The 2018 lineup has varied from stop to stop, but has included legendary acts like Neil Young, Van Morrison, Alison Krauss, Jamey Johnson, Ryan Bingham, Tedeschi Trucks Band, and many others. For Los Angeles, the historic Hollywood Bowl was the perfect setting for the final bow.

Particle Kid (Micah Nelson) opened the show at 4:30, but because most of the ads said the show would start at 5PM, very few people were there to hear him in the 17,500-seat amphitheater, and it was unfortunate. Kid has an emotional voice that easily filled the space, with a bend toward the sound of an early Neil Young. He ended his set with some guitar smashing and then his angry “Everything is Bulls--t.”

Lukas Nelson and his Promise of the Real band rattled Willie fans that had not heard them yet. His part traditional country, part blues, part singer-songwriter set was well planned to introduce himself and capture the mood for the types of music to be heard the rest of the night. The younger Nelson's guitar skills are mesmerizing, and he has the ability to draw you so deeply into his playing that you forget about his amazing, familiar voice, which comes back in to spin you again. His song “Turn Off the News” — a protest to America’s addiction to customized information — was well received and got the tie-dyed Deadheads on their feet.

Margo Price is always a good choice for any festival, and on this night she seemed to hug Los Angeles from her heart. Price’s band was rotated into view by a revolving stage as Nelson’s gear was spun off. A divider down the middle separated the front from the back so the next band was free to set up behind the divider, saving loads of time. Price sang some songs from her first album, Midwest Farmer’s Daughter, and even crawled back to play drums for “Four Years of Chances.” Her new song, “All American Made," whispered elegantly through the Hollywood Hills as the flag floated in the breeze and the sun began to set, making Price look like the star of her own movie.

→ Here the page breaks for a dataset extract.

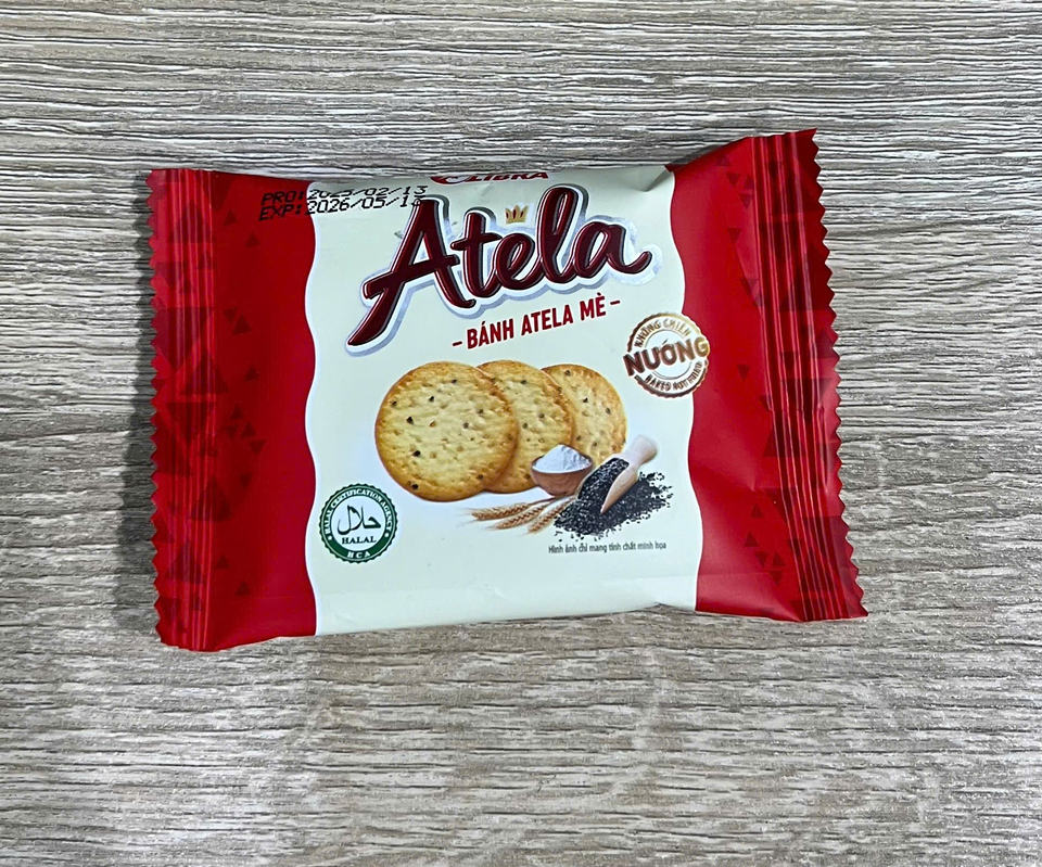 Ingrédients:Farine de blé, huile de palme, sucre, sésame,...
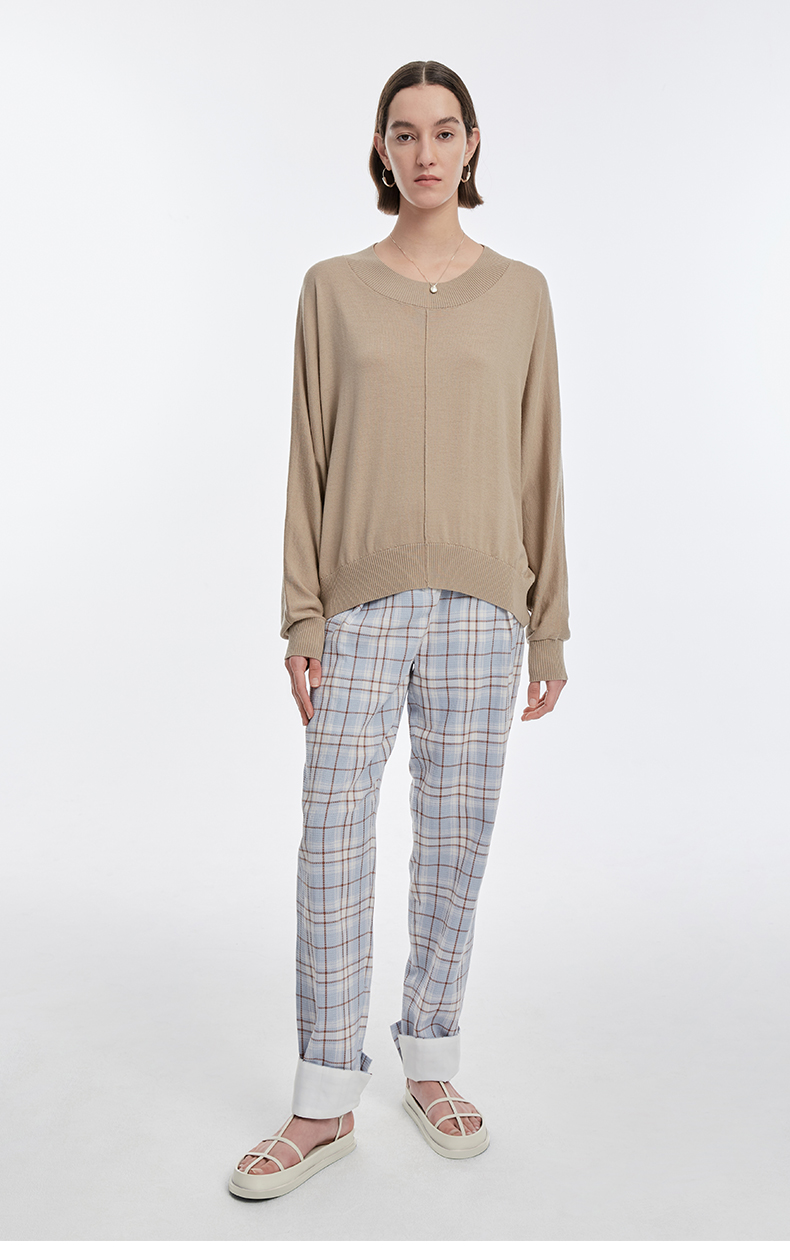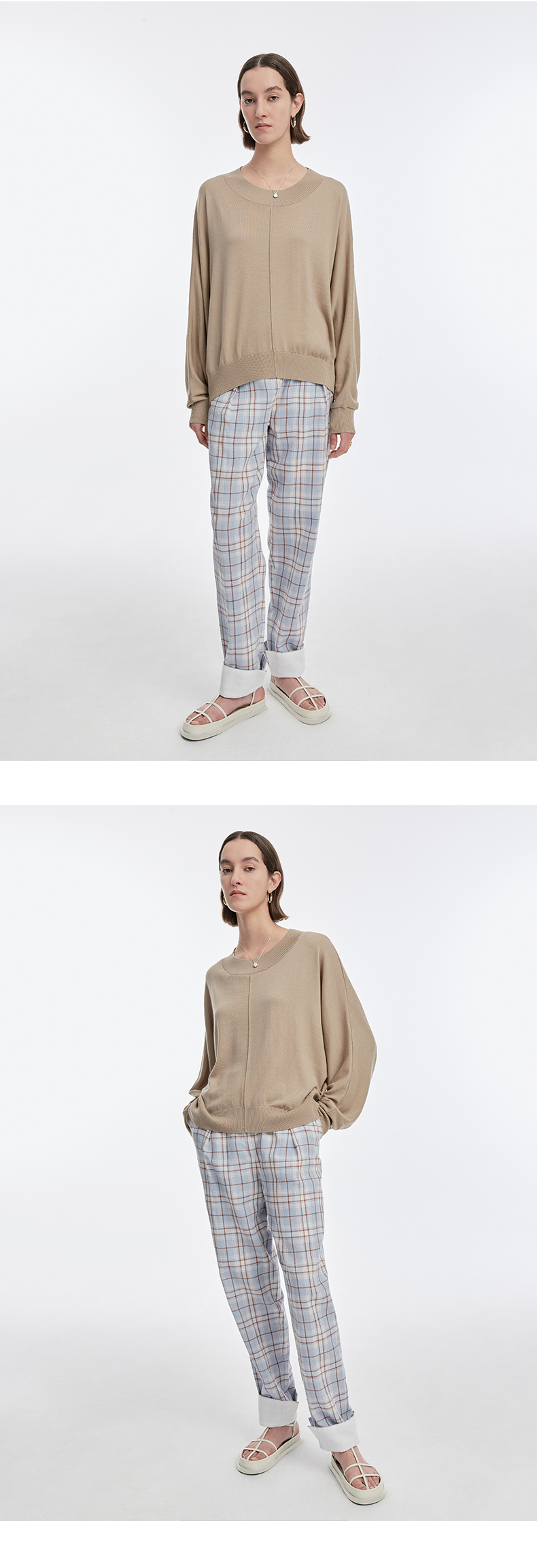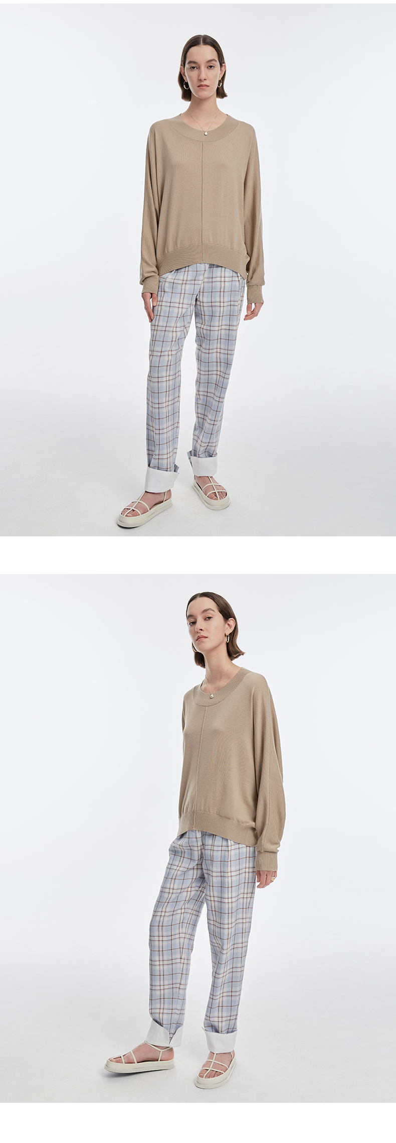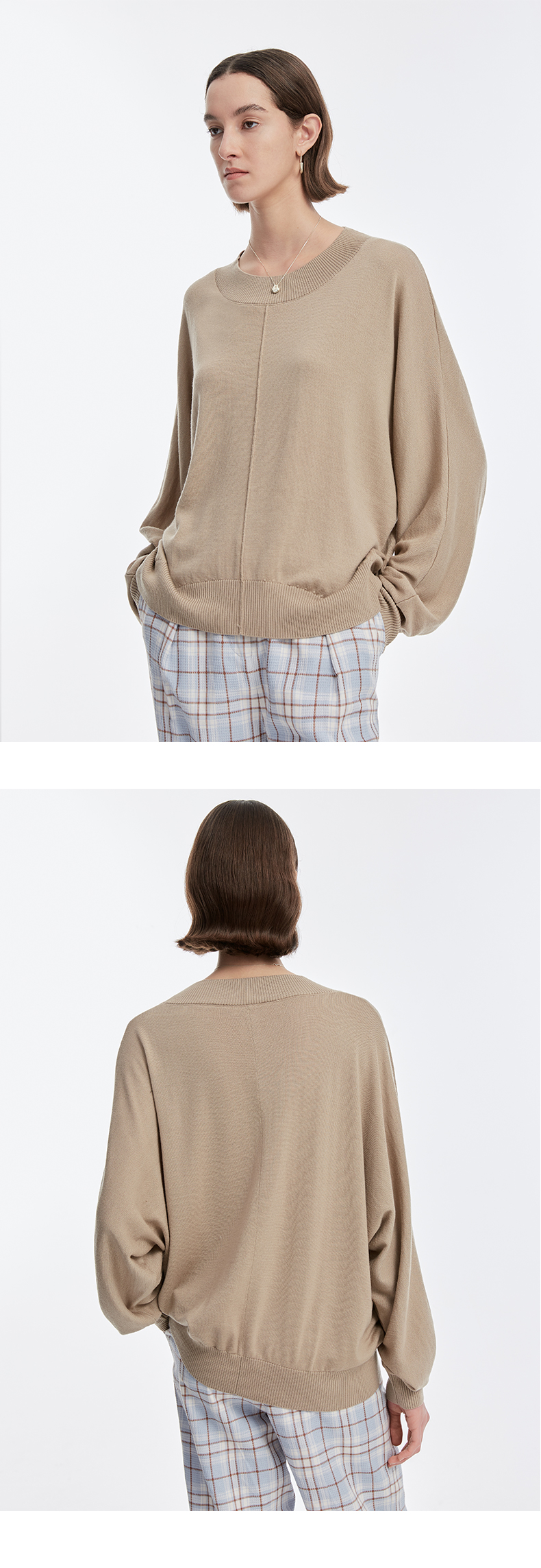 HIDEMI 美利奴羊毛廓形落肩宽松毛衣/奶茶色/香芋粉紫

Sturgill Simpson led the night in surprises. The Grammy-winning artist came prepared to sing his hits, but seemed to improvise most of his set with some ornery guitar riffs. Simpson has always claimed he isn’t a good guitar player, but if what he does isn’t good, then everyone else should go back to school. Simpson’s band stayed on their toes to keep up with him, and they were so honed into one another it was as if the audience didn’t exist. He had the place silenced with his version of When in Rome’s "The Promise," which is on his album, MetaModern Sounds in Country Music. After the birth of his third child recently, Simpson said he would take a few months off before trying some new things he is rolling out next year.

Phil Lesh’s debut with the Outlaw Festival included collaborations with Jackie Green (Black Crowes), Jason Crosby, Cris Jacobs and Nathan Graham on drums, collectively known as Phil Lesh and Friends. Green and Jacobs worked lead vocals back and forth over this the bands deeply moving blues ballads.

Then, it was time for Willie Nelson, who waltzed onstage in a Dodger’s jersey expecting participation before he'd sing “On the Road Again” or “ Mamas Don’t Let Your Babies Grow Up…” The Hollywood Bowl was happy to oblige. In California, “Roll Me Up and Smoke Me When I Die” is always a good idea, but Nelson’s new song “Vote Them Out” also played particularly well here. The country icon stood back and allowed Lukas to lead the gritty Stevie Ray Vaughan cover of “Texas Flood," solidifying that fact the Nelson line and brand of music will continue for years to come.